The corona pandemic has shown more than ever: IT plays a key role in companies and society. IT service provider Consol names five measures that make IT systems robust in the long term and thus prepare them for future crisis situations.
The Corona crisis has presented small and medium-sized companies in particular with major challenges or made existing problems visible – especially with regard to their IT systems. Companies with a low degree of digitization or outdated software systems sometimes had to make considerable investments so that employees in the home office could securely access the company network and continue to work productively.
Companies can now draw the right conclusions from this experience. You can identify risks and take suitable measures to make your IT systems crisis-proof.
To determine the risks, a company should first carry out IT and security audits. In addition, the entire IT system landscape can be examined and evaluated with regard to future security. With workshops and interview techniques combined with research, such audits can provide valuable insights and make them tangible.

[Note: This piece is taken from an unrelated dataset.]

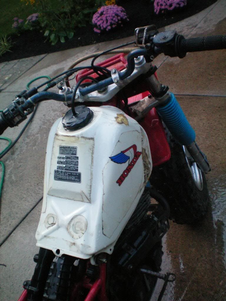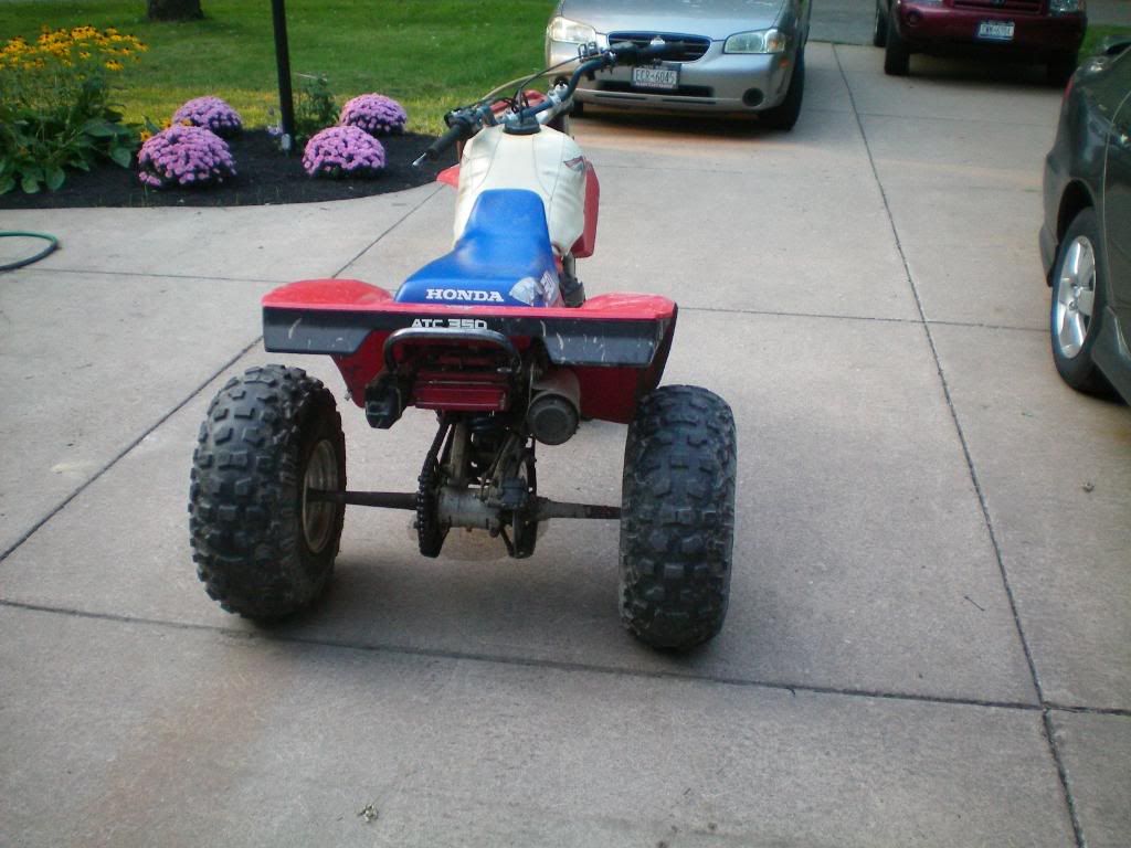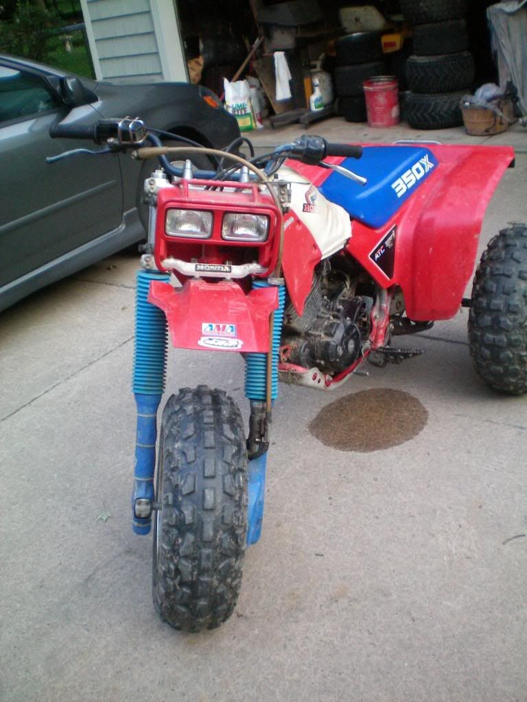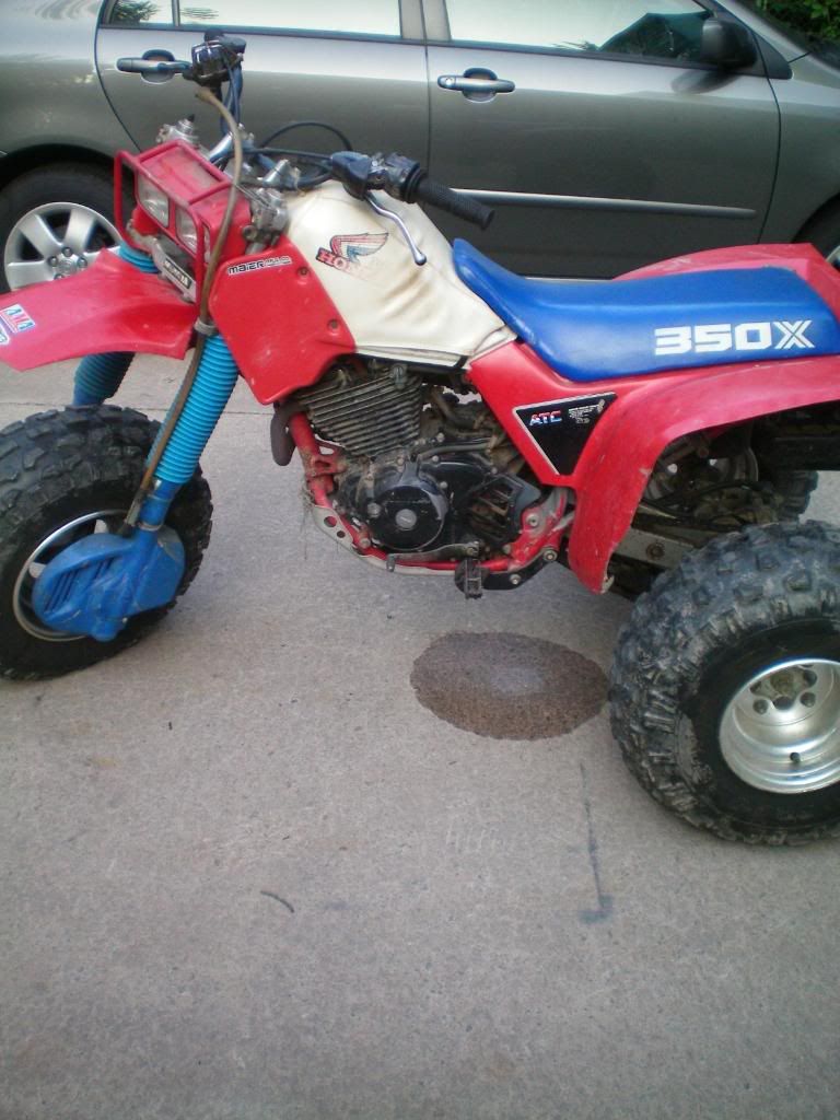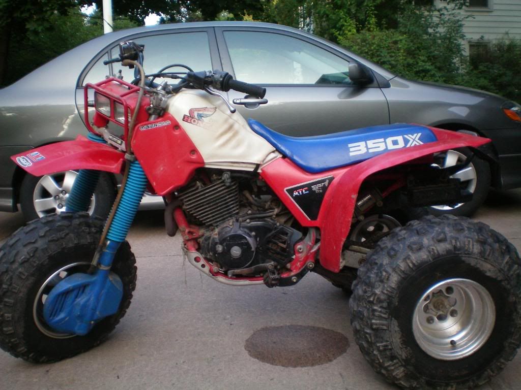 So Jeff (honda250sx) found an add on craigslist the other day for a 350x not far from my house. The 350x being the 3 wheeler I have dreams about, i jumped on it. I noticed the date was from end of august and we are in september and was skeptical but i had nothing to lose. I called the number several times with no luck until I emailed the guy and asked him what was going on. He put up the wrong number and gave me the right one, thus he still hadnt sold it. Called him, went down and looked at it and bought it. He is about 67 years old and the origional owner, bought new. His son used to race it. It has a twist throttle and supertrapp exhaust. Maier superscoops and a CEET tank cover(??). Does anyone know if any of this stuff is rarer?? Like the plates, or the scoops or cover? Came with a basket of extra parts, orig tool kit**, number plates, extra swinger and shock, dead mans switches, tires on rims galore. I have not gone through everything yet. It hadnt run in 4 years and the carb needs cleaned. The pet cock on the tank doesnt work (doesnt turn the fuel off). But it has LOTS of power. On the origional bore still and it is nuts!! Oh yea, and it came with the owners manual and title to. Anyway i will have alot of questions so i hope you guys can help. He wanted 1500 and i talked him down to $900. I think i did ok. Ok here are the pics... THere are alot because i know we like pics...

In order to make critical IT systems robust in the long term, Consol recommends the following five concrete measures:
• Establishment of a resilient, that is, fail-safe hardware and software architecture. This can range from your own hardware and software cluster to operation in the company’s internal or external cloud. Attention should be paid to geographically distributed locations. With Docker or cloud-native concepts, resilience can also be improved on the software side.
• Use of the digitization options within the IT processes: The intelligent automation in areas such as source and test code generation or build, test and release automation relieves the IT significantly and creates scope for additional customer-oriented investments.

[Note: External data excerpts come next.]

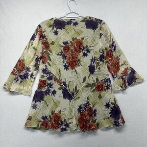 Nine West Silk Y2K Floral V-Neck Flowy Blouse Top Size 10 Green Cream Fairycore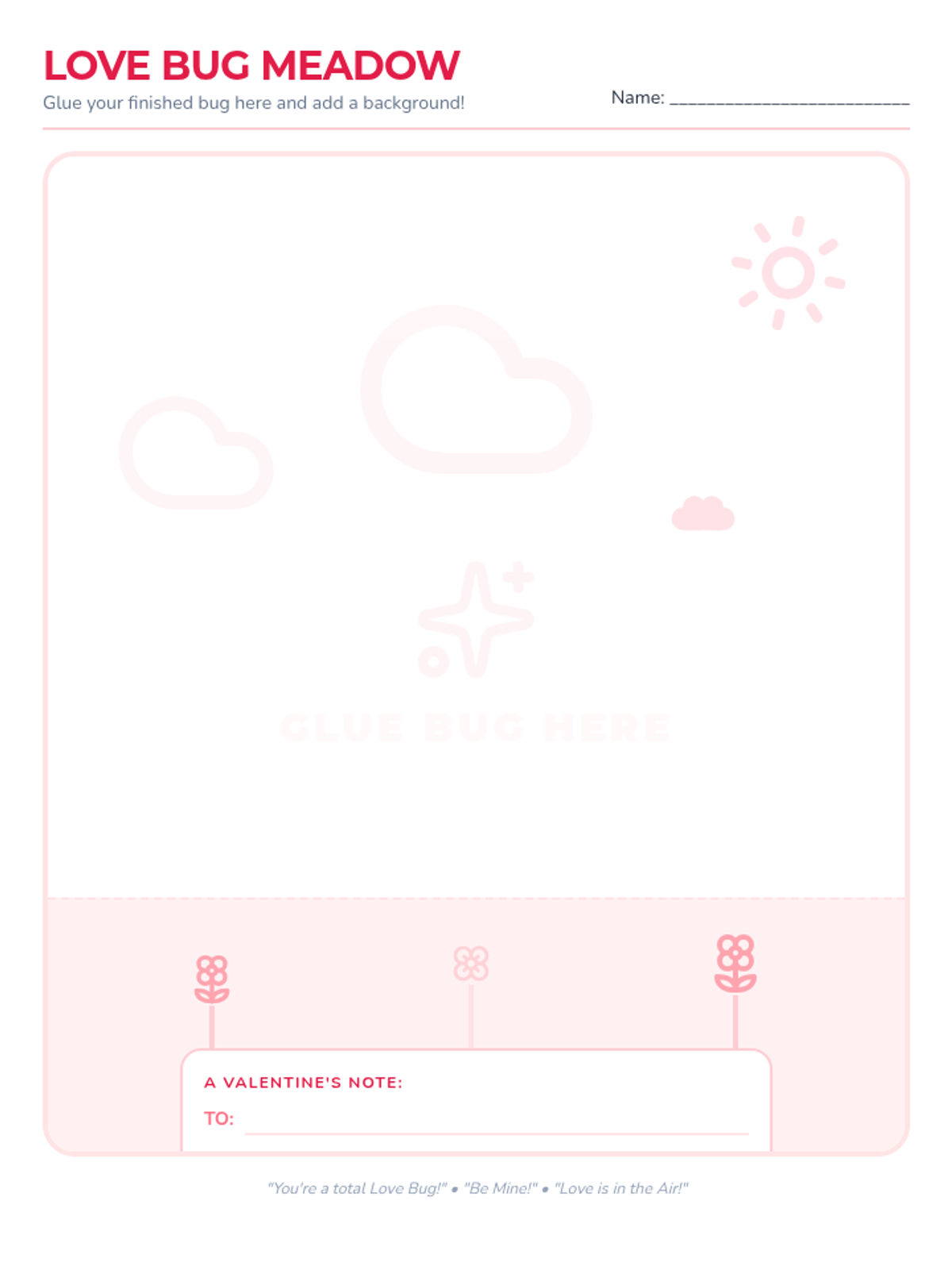 A background sheet titled 'Love Bug Meadow' where students glue their heart-shaped creatures and write a personalized Valentine's Day message.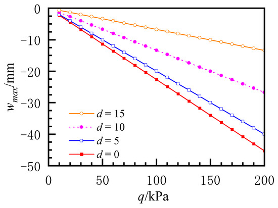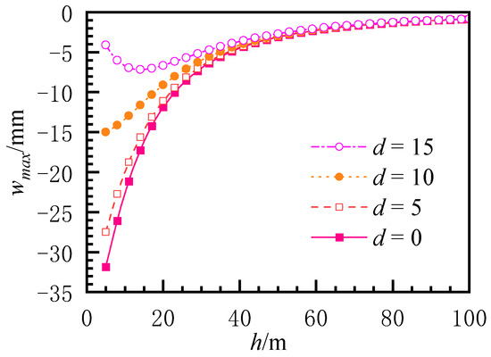 The burial depth varies from 5 m to 100 m, and the distances between the load center O and the tunnel center o are d = 0 m, 5 m, 10 m, 15 m, and 20 m. The relationship between the maximum settlement of the tunnel and burial depth and distance is shown in Figure 8. The maximum settlement gradually decreases as the burial depth increases for depths of 0 m, 5 m, and 10 m. A smaller burial depth results in a quicker reduction in the maximum settlement. This phenomenon occurs because as the tunnel approaches the load center, the additional force exerted by the load on the tunnel diminishes with the increased depth at which the tunnel is buried, leading to a decrease in the maximum settlement.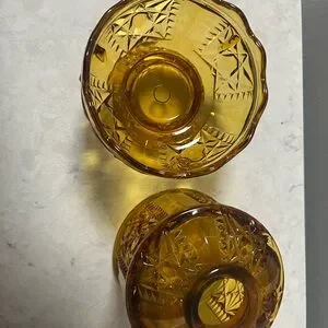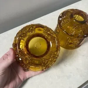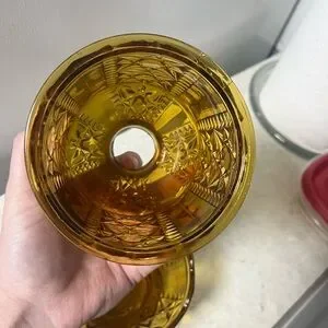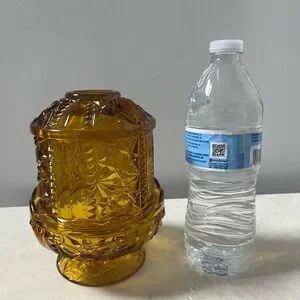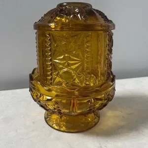 Beautiful amber glass fairy lamp with intricate patterns. Perfect for home decor.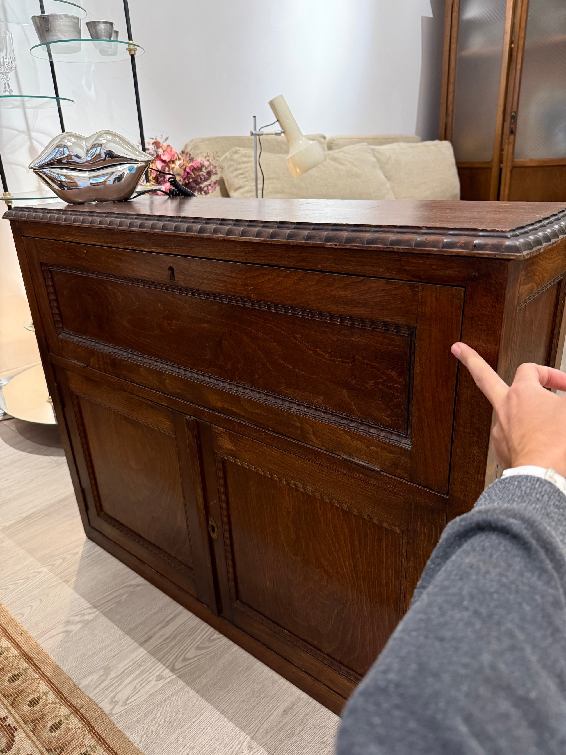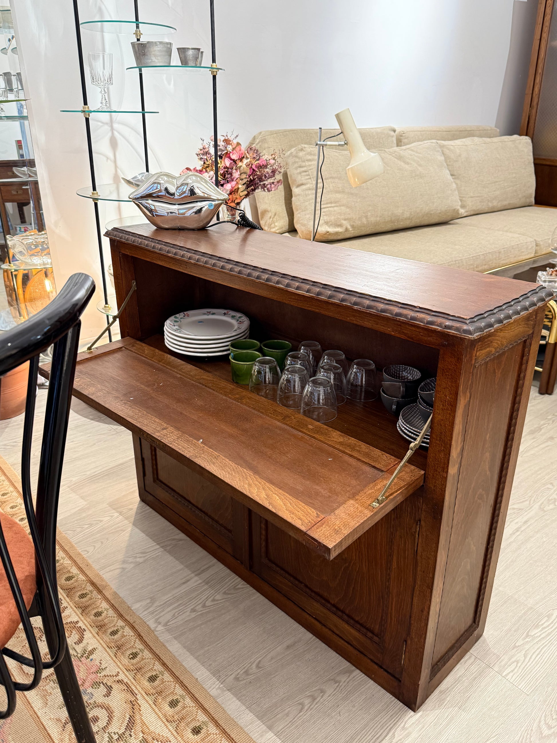 Armariet estil bar, estret de fusta de roure tenyida fosca.

• Implementation of the most lean and uniform technology stack possible: The standardization and simplification of the IT stack means that security and other non-functional system updates no longer necessarily have to fail because of the costs. In addition, architecture approaches such as microservices can ensure that updates can be carried out in smaller and more manageable portions.

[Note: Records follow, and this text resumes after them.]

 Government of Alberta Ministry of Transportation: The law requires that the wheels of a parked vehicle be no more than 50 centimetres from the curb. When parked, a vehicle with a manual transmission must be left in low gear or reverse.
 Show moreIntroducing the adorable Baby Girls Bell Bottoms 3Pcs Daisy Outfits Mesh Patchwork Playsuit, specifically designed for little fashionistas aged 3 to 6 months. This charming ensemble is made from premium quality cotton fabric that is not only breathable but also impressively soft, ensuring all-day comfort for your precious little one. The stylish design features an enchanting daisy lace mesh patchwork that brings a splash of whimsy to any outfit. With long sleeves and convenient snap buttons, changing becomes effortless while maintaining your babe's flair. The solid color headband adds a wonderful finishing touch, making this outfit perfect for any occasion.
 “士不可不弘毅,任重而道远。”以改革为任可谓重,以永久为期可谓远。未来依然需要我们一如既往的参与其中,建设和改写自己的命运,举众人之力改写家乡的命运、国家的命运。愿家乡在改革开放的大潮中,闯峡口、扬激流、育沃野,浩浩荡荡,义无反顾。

• Selection of future-proof and widely used technologies: Nothing is more annoying than the introduction of a technology that has disappeared from the scene again after a few years and no longer has manufacturer support. Consol recommends checking the future security and future availability of qualified employees before making any technology decision.
• Contaminated and fault-free: If software systems do not have any open errors and function in accordance with the specifications under all known circumstances, the responsible IT team can always react immediately and adequately to new problem reports. Optimal functionality and high software quality can only be ensured through holistic and automated end-2-end testing.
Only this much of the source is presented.